Many of those who still run the institutions have not been removed not because of some ‘taghna lkoll’ diktat, but simply because the term in office has still not run out and Muscat has not been able to replace them

saviour_balzan
Saviour Balzan
28 November 2016, 7:53am
Positioning himself as the underdog is what Joseph Muscat is very good at
Positioning himself as the underdog is what Joseph Muscat is very good at
Edwin Vassallo and Peter Micallef must be very happy men. They have been catapulted back into the House of Representatives after the electorate basically refused them. The three-judge constitutional court basically imposed a decision that in all fairness is a reaction to a fault in the electoral law. A law that could make it impossible for the electoral commission, dominated by members nominated by Edwin and Peter’s political party, to order a recount.

A recount would have eliminated all the fears and suppositions that were bandied about, suggesting that the PN had been grievously maimed by an exercise in the counting of votes. Needless to say we are NOT the only ones in the world with a system that sucks and is full of flaws.  

The Labour party are obviously irked that the PN has been awarded and given two extra seats after the resounding 36,000 vote walk over, and yes they are right when they say that if this decision were to be imposed in a scenario where a one-seat majority existed the whole balancing act of the majority being correctly represented and elected to govern would be seriously jeopardised.

Thankfully, at least in public PM Joseph Muscat has avoided any confrontation on this issue. But I can foresee some sparks flying from Castille.

What I do know is that the decision taken by the court has led many Labour pundits to argue that the court needs Labour-leaning judges.

And if this is a shocking statement it is an inevitable reaction to a decision which frankly is not based on a mathematical logarithm or some logical calculation but on a subjective analysis, which is what usually happens in the Maltese courts.

Where it suits it, the PN bases its arguments on mathematics – who can forget maths-deft Eddie Fenech Adami’s rejoinder to Alfred Sant, that mathematically Labour’s one seat majority was what it should be, when Sant said Labour deserved a bigger seat majority after the 1996 election?

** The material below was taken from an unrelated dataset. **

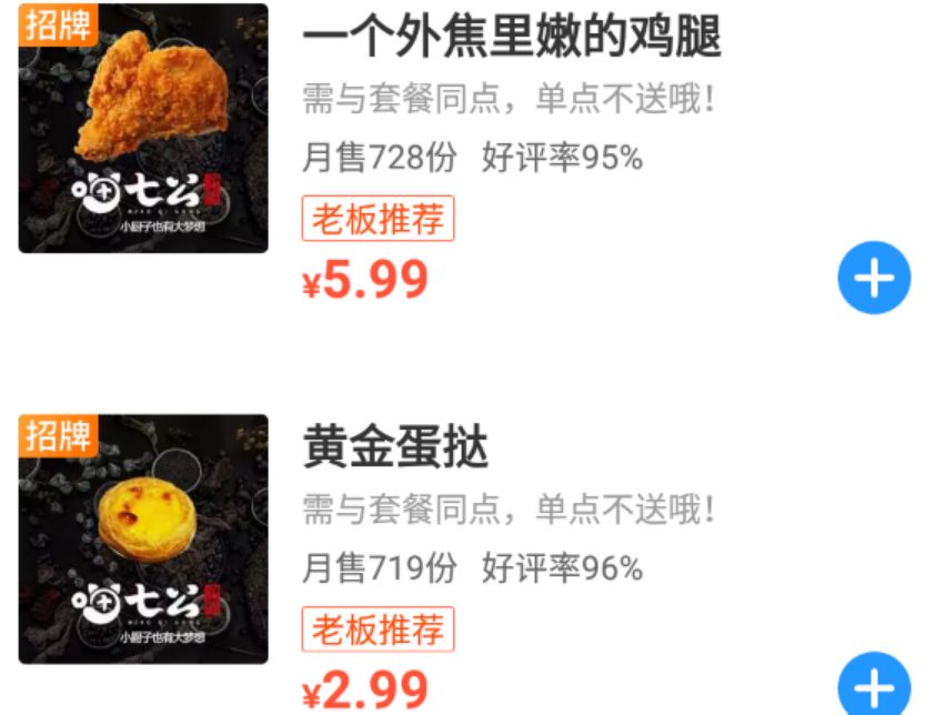 菜单设置是喵七公做的比较成功的地方,并帮助品牌获得了高额转化率。菜单方面可供外卖品牌借鉴的地方,包括高颜值的菜品图片、套餐设置、特价小食等。

The courts which we are expected to state we respect – but which, let us face it, are made up of men and women like us – make decisions on the emotional baggage and historical perspectives they have lived or decide to follow.

But if Labour had any sense it would learn a lesson or two from this episode. It could serve to galvanise public support for its assertion that it is the underdog when it comes to the next election.

An amazing suggestion, but one that is sounding more plausible, considering that many of the institutions that have Constitutional implications are still run by people who are likely inimical to the government of the day.

And let us face it, if anyone thinks that any political party elected to government can function without hijacking all the institutions they should really cross the Atlantic and see what is happening in the realm of Uncle Sam.

The stark truth that many of those who still run the institutions have not been removed is not because of some ‘taghna lkoll’ diktat but simply because the term in office has still not run out and Muscat has not been able to replace them.  

Hence the underdog label.

Something which I am sure Joseph Muscat will make it a point to emphasise when he addresses his party faithful today and in the coming weeks.

This argumentation is one singular way of regaining sympathy from those sectors who voted for Muscat, have developed cold feet about his style or lack of style, but are still not enamoured of Busuttil.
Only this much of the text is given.